Thais Rizzi

Short CV

7/2007- current. PhD Candidate. Functional Genomics, Center for Neurogenomics and Cognitive Research (CNCR), FALW-VUA Dept. of Clinical Genetics, VUmc Neuroscience Campus Amsterdam (NCA) VU University (VU) and VU University medical center (VUmc), Amsterdam, the Netherlands.

02/2003 to 02/2006. Master in Biotechnology. University of Sao Paulo (USP), Brazil. Final project: Temporal genomic expression of the AgMNPV-2D (Baculovirus) in insect cells and its genomic web. Supervisor: Prof. Dr. Paolo de Andrade Marinho Zanotto.

12/2004 to 01/2005. Internship in the laboratory of the Department of Medical Microbiology, UK Aachen. RWTH Aachen, Germany. EBV detection and analyses with the supervision of the Prof. Dr. Klaus Ritter and Dr. Michael Kleines.

12/2003 to 01/2004. Internship in the laboratory of the Department of Entomology, University of Florida. Gainesville Florida, USA. Baculovirus analyses with the supervision of the Prof. Dr. James E. Maruniak.

03/1997 to 11/2002. Bachelor in Biological Science, specialist in Microbiology, Federal University of Minas Gerais (UFMG). Minas Gerais, Brazil. Final project: Expression of the early growth response gene (Egr-1) after infection with Cowpox virus. Supervisor: Prof. Dr. Cláudio Antônio Bonjardim.

Publications

The ATXN1 and TRIM31 Genes Are Related to Intelligence in an ADHD Background: Evidence From a Large Collaborative Study Totaling 4,963 Subjects.
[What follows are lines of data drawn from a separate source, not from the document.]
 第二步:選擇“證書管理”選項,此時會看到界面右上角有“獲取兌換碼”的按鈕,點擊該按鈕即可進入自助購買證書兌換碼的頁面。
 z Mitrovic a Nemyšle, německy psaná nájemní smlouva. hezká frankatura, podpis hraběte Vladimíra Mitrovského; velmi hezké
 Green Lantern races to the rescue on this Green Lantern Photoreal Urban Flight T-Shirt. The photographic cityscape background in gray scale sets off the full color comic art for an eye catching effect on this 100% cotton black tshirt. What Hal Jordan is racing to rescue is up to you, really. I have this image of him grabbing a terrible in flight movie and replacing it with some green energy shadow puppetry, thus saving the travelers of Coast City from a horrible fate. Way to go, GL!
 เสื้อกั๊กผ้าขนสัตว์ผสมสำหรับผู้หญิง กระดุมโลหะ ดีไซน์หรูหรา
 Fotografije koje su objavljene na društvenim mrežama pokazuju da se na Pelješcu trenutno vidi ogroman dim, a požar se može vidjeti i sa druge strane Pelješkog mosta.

Rizzi TS, Arias-Vasquez A, Rommelse N, Kuntsi J, Anney R, Asherson P, Buitelaar J, Banaschewski T, Ebstein R, Ruano D, Van der Sluis S, Markunas CA, Garrett ME, Ashley-Koch AE, Kollins SH, Anastopoulos AD, Hansell NK, Wright MJ, Montgomery GW, Martin NG, Harris SE, Davies G, Tenesa A, Porteous DJ, Starr JM, Deary IJ, St Pourcain B, Smith GD, Timpson NJ, Evans DM, Gill M, Miranda A, Mulas F, Oades RD, Roeyers H, Rothenberger A, Sergeant J, Sonuga-Barke E, Steinhausen HC, Taylor E, Faraone SV, Franke B, Posthuma D. Am J Med Genet B Neuropsychiatr Genet. 2010 Dec 16.
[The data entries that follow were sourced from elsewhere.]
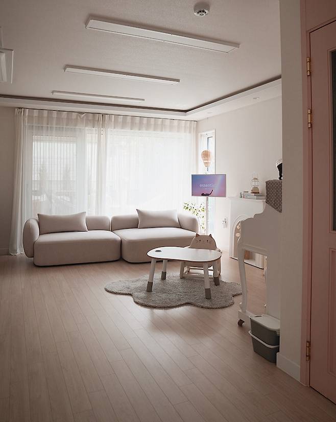티비를 보는 거실이 아니라, 가족들의 공간이자 아이들의 놀이터가 되는 공간을 만들려고 하다 보니 아이들의 안전이 최우선으로 고려되는 거 같아요.
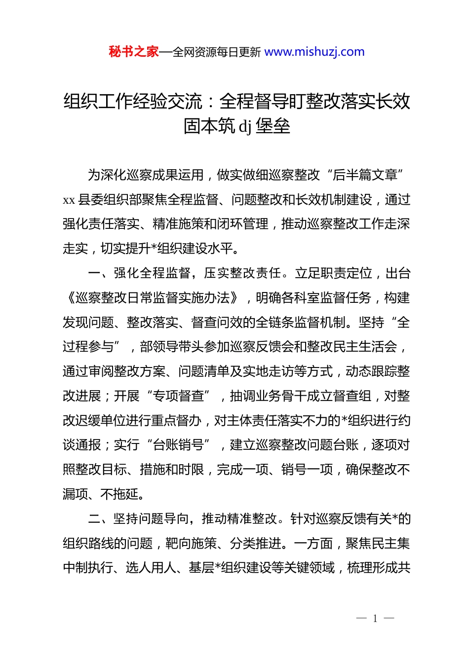 秘书之家—全网资源每日更新 www.mishuzj.com组织工作经验交流:全程督导盯整改落实长效固本筑 dj 堡垒为深化巡察成果运用,做实做细巡察整改“后半篇文章”xx 县委组织部聚焦全程监督、问题整改和长效机制建设,通过强化责任落实、精准施策和闭环管理,推动巡察整改工作走深走实,切实提升*组织建设水平。一、强化全程监督,压实整改责任。立足职责定位,出台《巡察整改日常监督实施办法》,明确各科室监督任务,构建发现问题、整改落实、督查问效的全链条监督机制。坚持“全过程参与”,部领导带头参加巡察反馈会和整改民主生活会,通过审阅整改方案、问题清单及实地走访等方式,动态跟踪整改进展;开展“专项督查”,抽调业务骨干成立督查组,对整改迟缓单位进行重点督办,对主体责任落实不力的*组织进行约谈通报;实行“台账销号”,建立巡察整改问题台账,逐项对照整改目标、措施和时限,完成一项、销号一项,确保整改不漏项、不拖延。二、坚持问题导向,推动精准整改。针对巡察反馈有关*的组织路线的问题,靶向施策、分类推进。一方面,聚焦民主集中制执行、选人用人、基层*组织建设等关键领域,梳理形成共— 1 —秘书之家—全网资源每日更新 www.mishuzj.com性问题清单,通过专项督查推动系统性整改;另一方面,针对部分个性问题,逐一制定整改方案,明确责任人和完成时限,确保问题整改“见底清零”。同时,将整改成效与干部考核、选拔任用挂钩,强化结果运用,倒逼责任落实。三、构建长效机制,推动全面提升。着力构建“三维一体”长效机制,将整改成果转化为治理效能。一是压实责任链条,明确*(工)委牵头责任、*支部书记第一责任人职责,并将整改情况纳入*组织书记述职评议考核;二是强化督导闭环,联合巡察办定期开展“整改调度”,推动立行立改与长期规划相结合;三是注重常态提升,通过创新主题*日形式、严格民主生活会程序等举措,推动基层 dj 从“整改达标”向“全面提质”转变。✂— 2 —
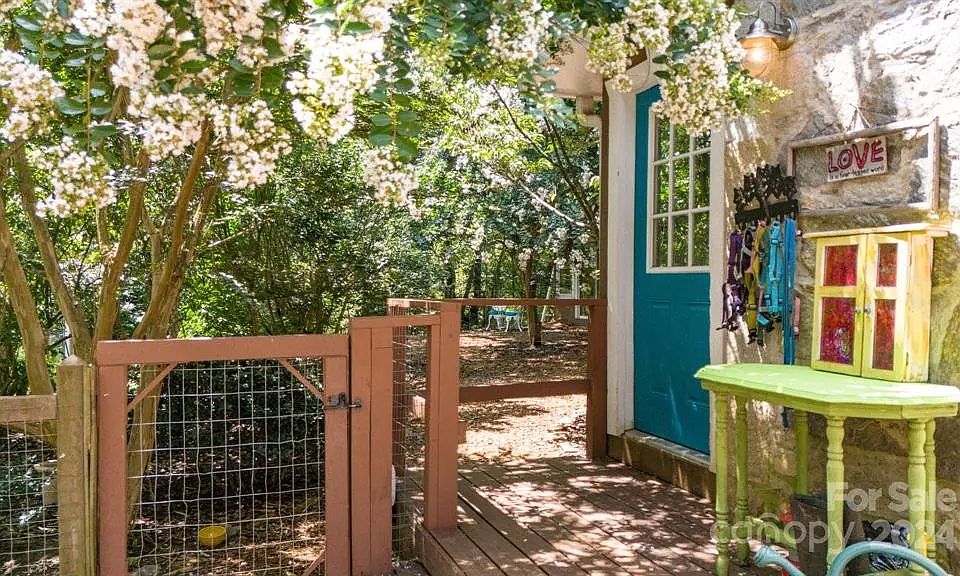 Tranquil and unique indoor and outdoor spaces create the colorful settings that invite you into this charming Cottage. The great outdoors are fully fenced for family and furry ones to play away the day. The setting welcomes you to stay home and relax in the country, yet amenities are but a hop and a skip away. The Cottage sits between Asheville and Hendersonville, affording guests an easy drive to these special towns. Hiking, waterfalls and the serenity of Nature in the mountains flourish nearby.

Structural and phylogenetic relationship of ORF 31 from the Anticarsia gemmatalis MNPV to poly (ADP-ribose) polymerases (PARP). de Castro Oliveira JV, de Melo FL, Romano CM, Iamarino A, Rizzi TS, Yeda FP, Hársi CM, Wolff JL, de Andrade Zanotto PM. Virus Genes. 2008 Oct;37(2):177-84.

PhD project: An integrated genomic approach to finding functional variants for human cognition.

In a population there are large intra-individual differences in IQ test scores. These differences can be due to genetic factors, environment, social interactions or a combination of these mechanisms. In the past decade, considerable progress has been made in genotyping technologies, which would allow detecting the actual genetic variants in the whole genome that account for the high heritability of intelligence. Genome-wide association (GWA) studies have identified a number of genetic polymorphisms that are involved in common disease. In just the last 3 years, GWAS have led to hundreds of associations of common DNA variants with over 80 diseases and traits increased risk for developing psychiatric disorders. However, by only associating genotypes with clinical outcomes, little can be inferred on the disease-causing mechanisms themselves. Moreover, the effect size of genetic associations with clinical phenotypes is often small. Of all reported genetic association studies in the literature, only 4% have shown replicable association according to a 2002 search. Searching for “genetic” and “association” in Pubmed gives 69950 hits (July 2010), while adding the keywords “replicated” or “validated” results in 1318 studies. In other words, in this rough scan less than 2% of the total reported genetic associations are reports of validated genetic association. 
The field of intelligence shows no exception. Of the reported genes associated with intelligence, only three CHRM2, SNAP25 and BDNF have shown replicated association across independent samples and each of these reported DNA variants could explain less than 1%–2% of the IQ variation. Collective testing of genes involved in biological pathways has emerged as an alternative strategy for testing the combined effects of genetic variants with small effect size. The main goal of my project is to investigate how genetic variation in genome or genetic pathways influences intelligence. To this end we use an in silico/in vivo integrated approach, testing for genetic association, environment moderation effect and brain expression regulation. The most promising variants will be used within a mouse model for attention and memory, aimed at determining the biological function of the allelic variant. The focus is on cognition in general, as well as specific aspects such attention, memory and educational attainment.